What Research Is Being Done
The National Institute of Neurological Disorders and Stroke , a component of the National Institutes of Health, is the primary funder of research on the brain and nervous system. NIH is the leading funder of biomedical research in the world.
PSP is one of the diseases being studied as part of the NINDS Parkinsons Disease Biomarkers Program. This major NINDS initiative is aimed at discovering ways to identify individuals at risk for developing Parkinsons disease and related disorders, and to track the progression of these diseases. NINDS also supports clinical research studies to develop brain imaging that may allow for earlier and more accurate diagnosis of PSP.
Genetic studies of PSP may identify underlying genetic causes.
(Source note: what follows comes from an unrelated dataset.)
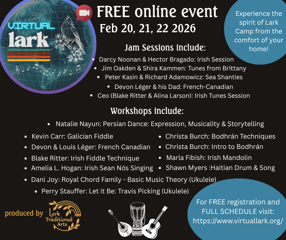 “The mission of Lark Traditional Arts is to present, preserve, and promote traditional music, song, and dance by engaging culture-bearing artists and creating educational opportunities that bring communities together in our shared worlds of music.”

Previous studies have linked regions of chromosomes containing multiple genes, including the gene for the tau protein , with PSP. Researchers hope to identify specific disease-causing mutation and are also studying how genetics and environment interaction may work together to contribute to disease susceptibility.
Animal models of PSP and other tau-related disorders, including fruit fly and zebrafish models, may identify basic disease mechanisms and lead to preclinical testing of potential drugs. Other studies in animal models focus on brain circuits affected by PSP, such as those involved in motor control and sleep, which may also yield insights into disease mechanisms and treatments.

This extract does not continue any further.